Build pipelines are a common pattern, where you have files and assets you want to process but want to do so efficiently and incrementally. Usually that means only re-processing files when they change, and otherwise re-using the already-processed assets as much as possible. This blog post will walk through how to use the Mill build tool to set up these build pipelines, using a real-world use case, and demonstrate the advantages a build pipeline gives you over a naive build script.
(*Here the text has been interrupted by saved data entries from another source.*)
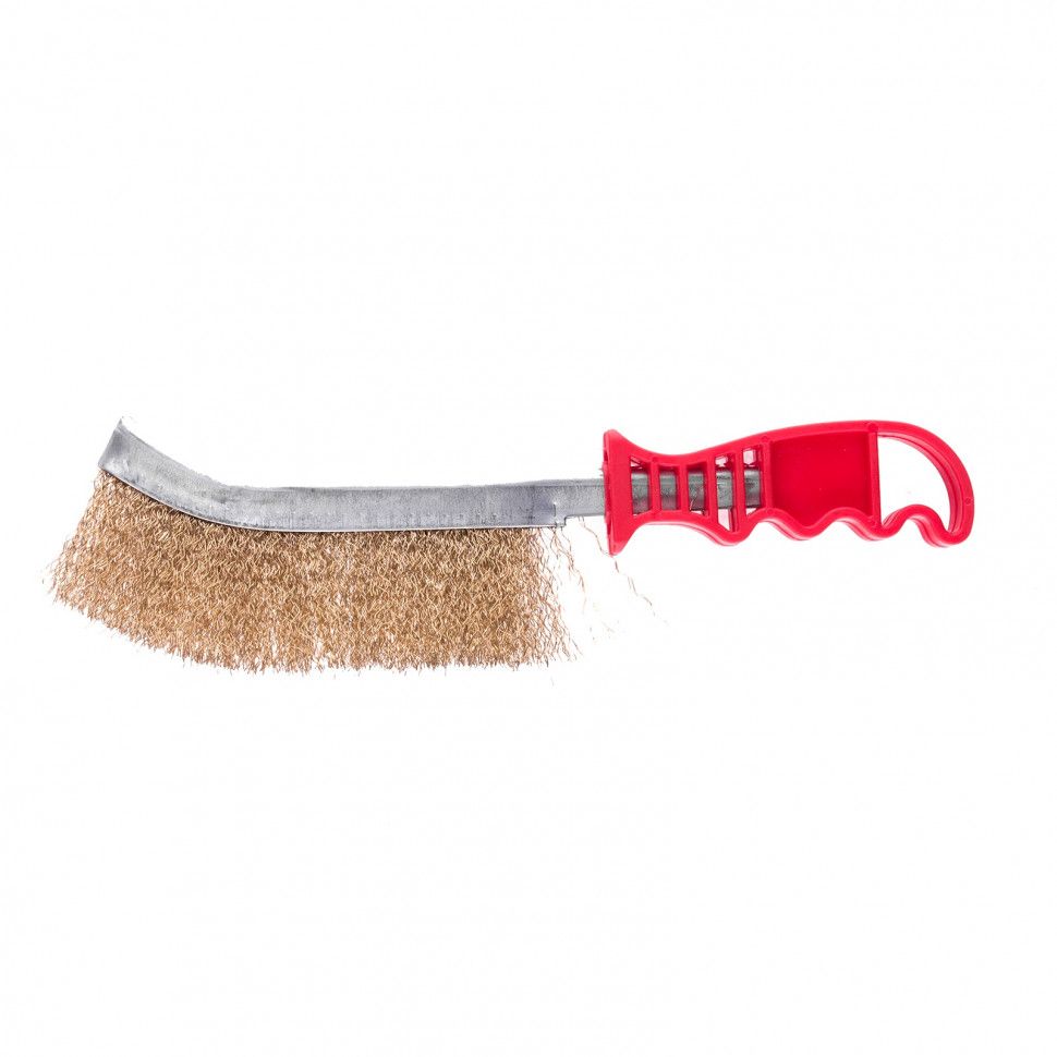 Металлическая латунированная щетка Matrix 74827 с пластиковой ручкой предназначена для ручного удаления загрязнений, ржавчины, остатков краски с металлических, деревянных и других поверхностей. Изогнутый корпус позволяет обрабатывать детали сложной формы. Металлическое основание повышает надежность инструмента. Щетка будет полезна во время строительства, ремонта, а также пригодится дома или в гараже. ПреимуществаДолговечность — проволока из высококачественной стали устойчива к износу, латунированное покрытие защищает ее от коррозии. Устойчивость к высоким нагрузкам — щетина из витой проволоки обладает повышенной деформационной стойкостью. Комфортная работа — прочная пластиковая рукоятка с углублениями для пальцев обеспечивает надежный хват.
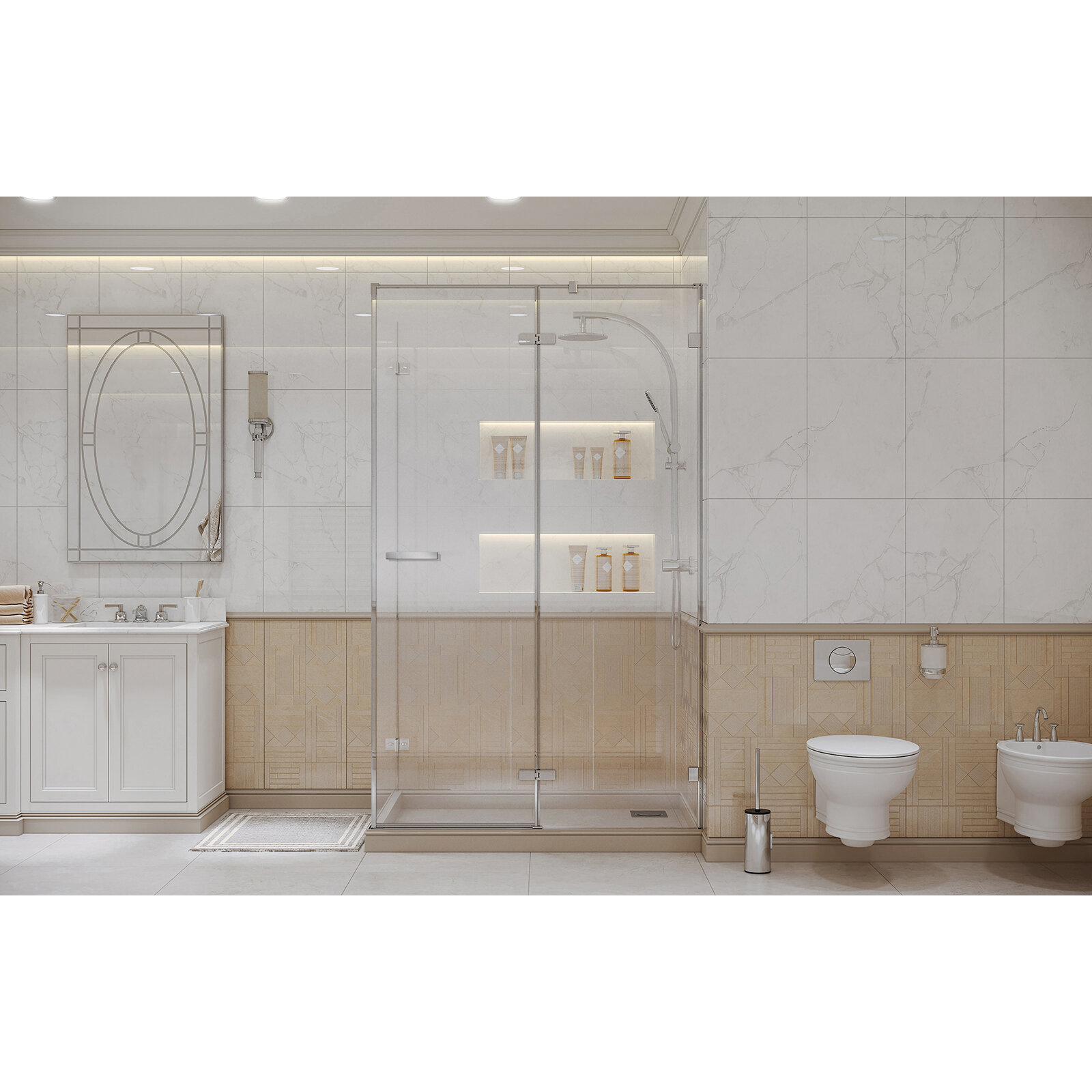 Купить Душевой уголок 120х90 с трапом и распашной дверью Ambassador Abner 10011104R-ST7: правостороннее душевое ограждение из стекла 6 мм, профиль хром
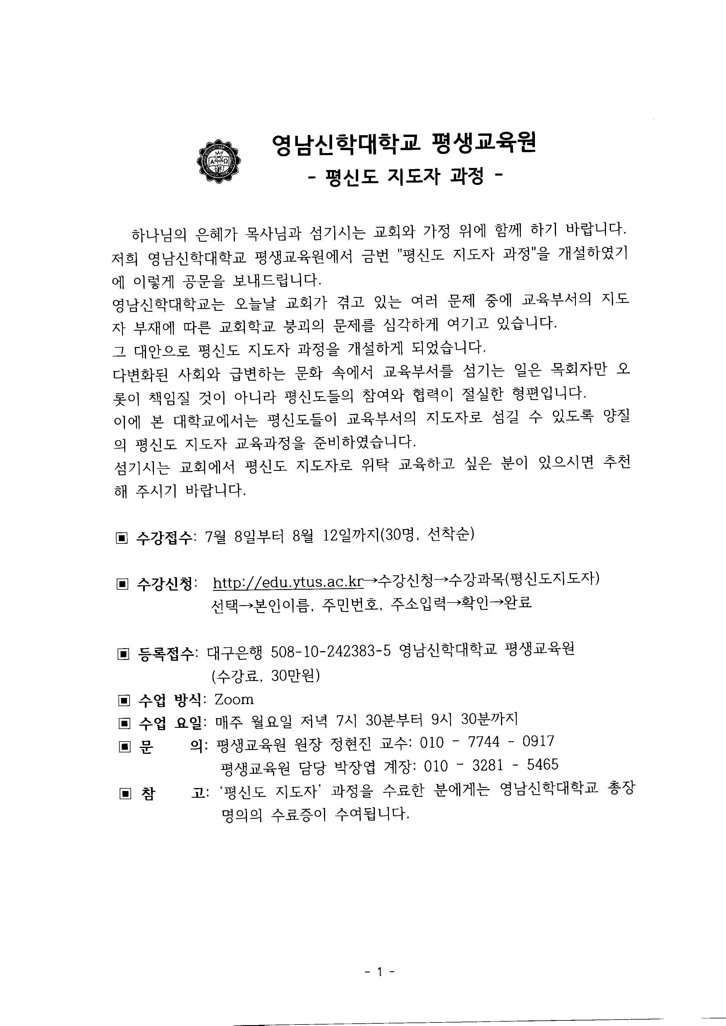Á¦¸ñ   [°ø¹®] ¿µ³²½ÅÇдëÇб³ Æò½ÅµµÁöµµÀÚ °úÁ¤ ¼ö°­»ý Ãßõ ¾È³»

About the Author: Haoyi is a software engineer, and the author of many open-source Scala tools such as the Ammonite REPL and the Mill Build Tool. If you enjoyed the contents on this blog, you may also enjoy Haoyi's book Hands-on Scala Programming
As a worked example for this blog post, we will be starting with the simple single-file static site generator discussed here:
The full 50 line build.sc
script is as follows:
// build.sc
import $ivy.`com.lihaoyi::scalatags:0.7.0`
import $ivy.`com.atlassian.commonmark:commonmark:0.5.1`
import scalatags.Text.all._
interp.watch(os.pwd / 'post)
val postInfo = os
.list(os.pwd / 'post)
.filter(_.last.contains(" - "))
.map(p => p.last.split(" - ") match{ case Array(prefix, suffix) => (prefix, suffix, p)})
.sortBy(_._1.toInt)
def mdNameToHtml(name: String) = name.stripSuffix(".md").replace(" ", "-").toLowerCase + ".html"
val bootstrapCss = link(
rel := "stylesheet",
href := "https://maxcdn.bootstrapcdn.com/bootstrap/3.3.6/css/bootstrap.min.css"
)
os.remove.all(os.pwd / "out" / "post")
os.makeDir.all(os.pwd / "out" / "post")
for((_, suffix, path) <- postInfo) {
val parser = org.commonmark.parser.Parser.builder().build()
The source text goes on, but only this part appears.